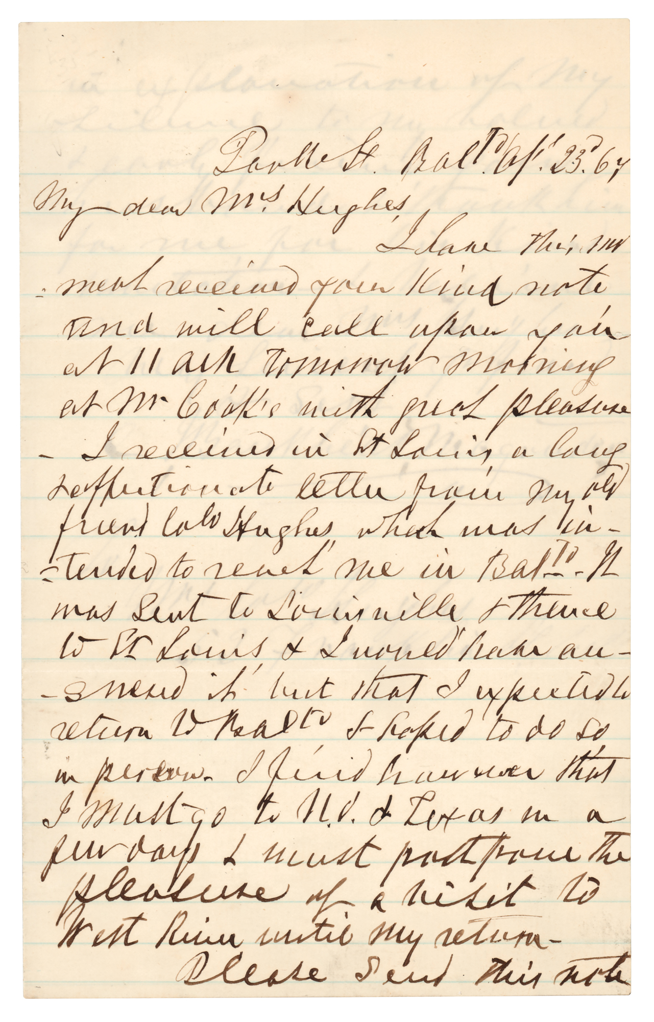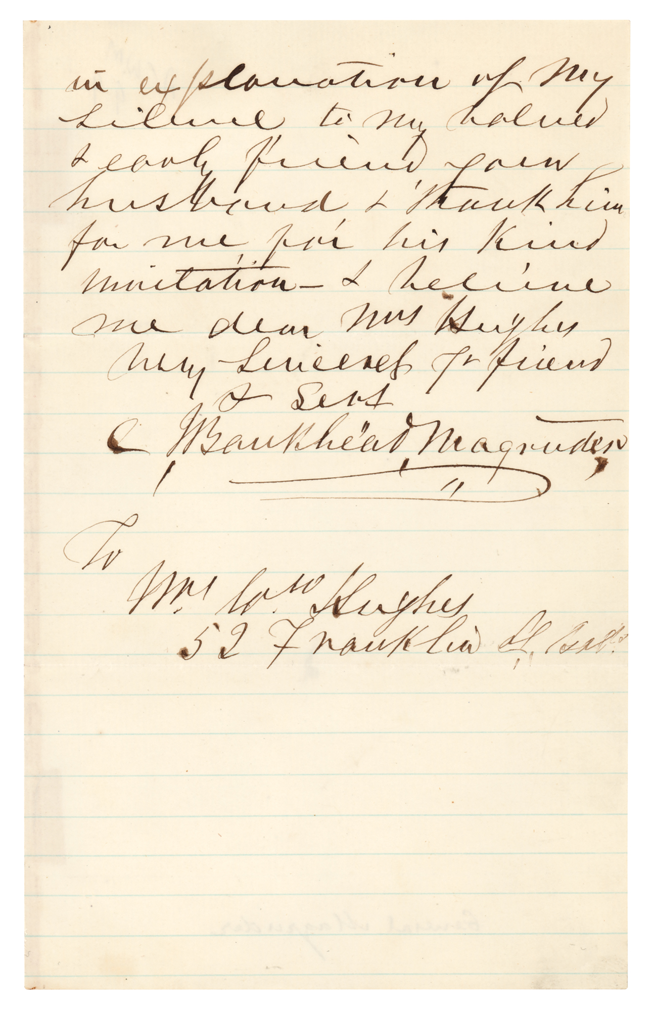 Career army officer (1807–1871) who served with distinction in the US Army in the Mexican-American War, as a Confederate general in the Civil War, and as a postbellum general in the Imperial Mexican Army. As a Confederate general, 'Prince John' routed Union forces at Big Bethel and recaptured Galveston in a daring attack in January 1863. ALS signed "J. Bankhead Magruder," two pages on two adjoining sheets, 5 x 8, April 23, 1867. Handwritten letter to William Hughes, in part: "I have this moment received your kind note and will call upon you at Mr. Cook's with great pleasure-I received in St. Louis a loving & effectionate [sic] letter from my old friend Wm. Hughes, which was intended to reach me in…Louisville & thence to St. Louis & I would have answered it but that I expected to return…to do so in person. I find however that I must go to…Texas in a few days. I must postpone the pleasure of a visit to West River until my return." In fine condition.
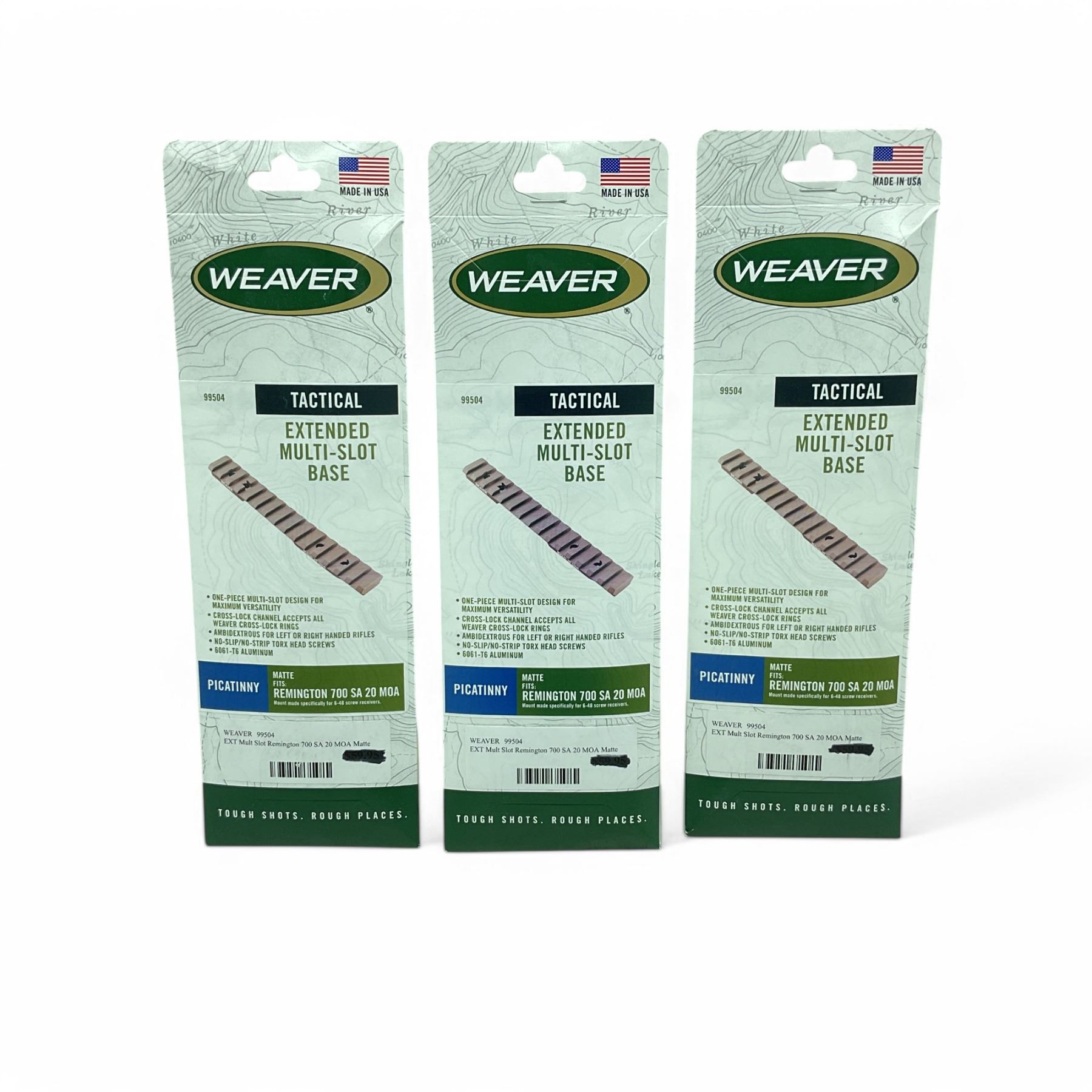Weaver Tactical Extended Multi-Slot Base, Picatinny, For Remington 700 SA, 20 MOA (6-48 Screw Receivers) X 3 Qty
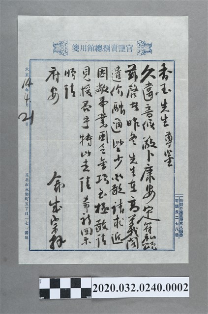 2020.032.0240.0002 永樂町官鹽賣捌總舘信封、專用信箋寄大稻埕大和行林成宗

----------------

Reproduce all of the material above word for word. Omit the pictures.

 Career army officer (1807–1871) who served with distinction in the US Army in the Mexican-American War, as a Confederate general in the Civil War, and as a postbellum general in the Imperial Mexican Army. As a Confederate general, 'Prince John' routed Union forces at Big Bethel and recaptured Galveston in a daring attack in January 1863. ALS signed "J. Bankhead Magruder," two pages on two adjoining sheets, 5 x 8, April 23, 1867. Handwritten letter to William Hughes, in part: "I have this moment received your kind note and will call upon you at Mr. Cook's with great pleasure-I received in St. Louis a loving & effectionate [sic] letter from my old friend Wm. Hughes, which was intended to reach me in…Louisville & thence to St. Louis & I would have answered it but that I expected to return…to do so in person. I find however that I must go to…Texas in a few days. I must postpone the pleasure of a visit to West River until my return." In fine condition.
Weaver Tactical Extended Multi-Slot Base, Picatinny, For Remington 700 SA, 20 MOA (6-48 Screw Receivers) X 3 Qty
 2020.032.0240.0002 永樂町官鹽賣捌總舘信封、專用信箋寄大稻埕大和行林成宗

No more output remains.